Beijing has said it has a “no limits friendship” with Russia and has refused to criticise Moscow’s invasion, or even refer to it as an invasion.

“We must achieve our goals,” Peskov told reporters. “Given the current stance of the Kyiv regime, now it’s only possible by military means.”

However, Moscow’s pursuit of its goals in Ukraine has been slowed by poor war management and short resources after being beaten back at the end of last year in a Ukrainian counteroffensive, military analysts say.

The UK Ministry of Defense said Tuesday that Russia’s artillery ammunition shortages “have likely worsened to the extent that extremely punitive shell-rationing is in force on many parts of the front”.

That shortcoming, it said, has “almost certainly been a key reason why no Russian formation has recently been able to generate operationally significant offensive action”.

In other developments:

— The Russian parliament’s lower house on Tuesday gave final endorsement to a bill that extends punishment for showing disrespect toward participants in the “special military operation,” which is how the Kremlin officially describes its war in Ukraine.
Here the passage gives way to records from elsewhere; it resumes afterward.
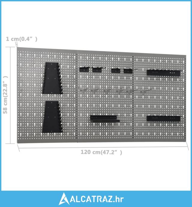 Ove ploče za alat napravljene su od čvrstog čelika kako bi mogle podnijeti težinu raznih alata, poput bušilica, kliješta, odvijača i ključeva. Ploče su perforirane za jednostavno i sigurno pričvršćivanje alata. Tri zidne ploče mogu se spojiti za dodatnu čvrstoću. Idealan su dodatak vašem radnom stolu i ormarićima u radionici s praktičnom širinom od 120 cm.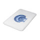 Digitally enhanced, mixed media vintage illustration of a scallop shell - dark navy / indigo blue on a white background bath mat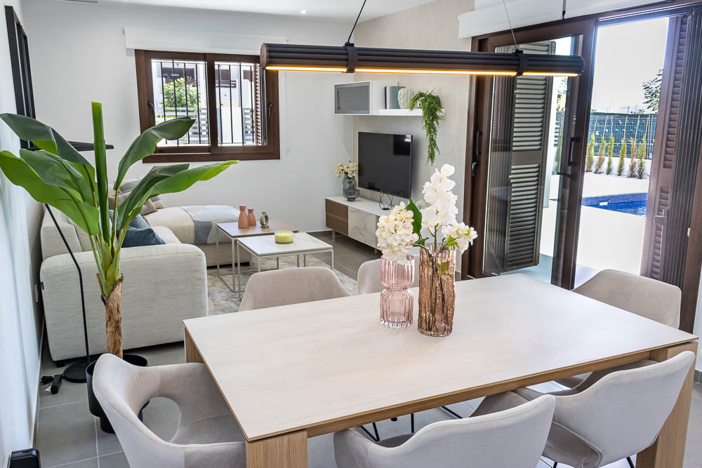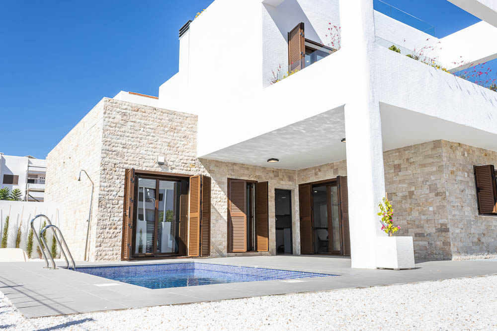 La calidad constructiva es excelente, incluyendo ventanas de aluminio con doble cristal para un aislamiento térmico y acústico superior, rejas de seguridad y pre-instalación de aire acondicionado por conductos. La villa incluye parking privado dentro de la parcela. Como valor añadido, existe la opción de instalar una piscina privada en el jardín y de adquirir la vivienda totalmente amueblada y equipada bajo petición, permitiéndole personalizar su nuevo hogar hasta el último detalle.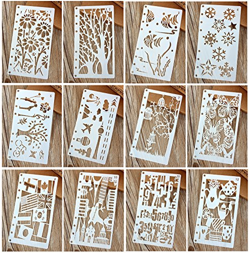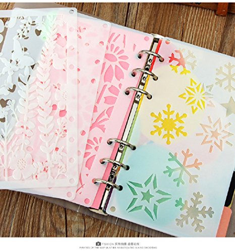 - 12 DIFFERENT STYLES LOOSE LEAF STENCILS - The drawing painting stencils have diverse appearances and with bulks of small hollow patterns, you can draw lots of cute patterns even if with poor drawing skills. Loose Leaf design is easy to use or store in your A6 Notebook

The change makes it punishable to spread allegedly fake information not only about the military, but also members of volunteer units, in an apparent reference to the Wagner Group military contractor. Those convicted of spreading such information face a prison term of up to 15 years. The bill is set to be approved by the upper house before President Vladimir Putin signs it into law.

— Iceland’s prime minister, Katrin Jakobsdottir, made an unannounced visit to Kyiv on Tuesday. She laid flowers at a ceremony for Ukrainian volunteers who have been killed in fighting since 2014, when Russia annexed Ukraine’s Crimean Peninsula and Russia-backed separatists started an insurgency in the eastern Donbas region. Jakobsdottir was expected to meet Zelenskyy during her visit.